Mick lifted his chin higher and stared down his nose at Kade with an empty smile. “I was ordered to give you options. You picked option two, just like I knew you would.”
Mick’s eyes blazed brigh
t green as he pulled a Glock from the back of his jeans.
Coward. Mick was a fuckin’ coward. He had a wolf inside of him, and he brought a gun? Weak. Kade was going to kill him.
Time slowed to a crawl as Mick lifted the weapon. His finger was already on the trigger. His feral eyes were dancing as though he couldn’t wait to pull it. As though he couldn’t wait for revenge for all those times Kade had bested him and his Clan.
They should’ve been stronger.
Kade let the wolf have his body and, shhhhhit, it hurt. When the wolf came out enraged, it was like falling into a fire. He was fire. He was fire and death and everything dark. Kade used to hate it, but in this moment, he embraced the darkness. It was time to use the poison inside of him as a weapon.

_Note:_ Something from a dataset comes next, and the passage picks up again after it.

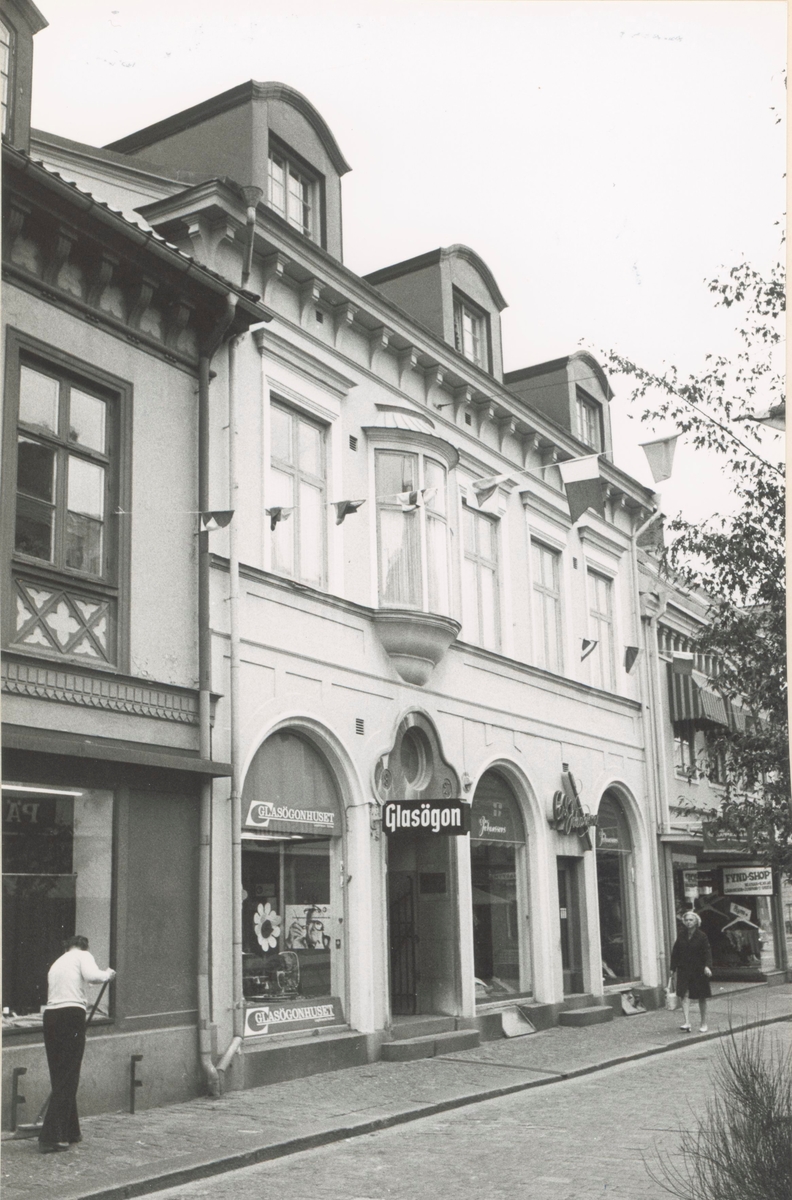 En optiker i en affärsbyggnad. Fasad mot Storgatan, Kvarnholmen väster om Västra Sjögatan. Bilderna är tagna inom ramen för Kalmar kommuns inventering av Kvarnholmens bebyggelse 1970-1971 och skänkta till länsmuseet.

He hit the sawdust-covered ground on all fours and dug his claws in, bolting straight for that asshole. There was this satisfying look of shock on Mick’s face. He hadn’t expected Kade to charge him. That much was clear from the way his eyes went round.
Better aim good, Mick. One bullet ain’t gonna save you from me.
With a ripping snarl, Kade bunched his muscles and sailed through the air right for Mick.
And Mick…that coward…that weak wolf…
He pulled the trigger.
Chapter Twelve
Biting her thumbnail, Trina frowned at the door to the bar. Her shift had ended an hour ago. Kade had planned to pick her up and take the motorcycles on a trip to Corvallis, maybe eat lunch along the way. She’d been so excited when he’d asked her, but he hadn’t shown up. It wasn’t like him. Sure, she had to get used to days at a time when he was out in the forest running around as a wolf and unable to Change back, but he usually told her before he was going to go off the rails. Or she could tell from the shaky control he had over the wolf. When it got worse, he was usually close to a Change. But when she’d left his bed this morning, he’d been calm and relaxed. His eyes had even been their human color when he’d walked her to her motorcycle and kissed her goodbye.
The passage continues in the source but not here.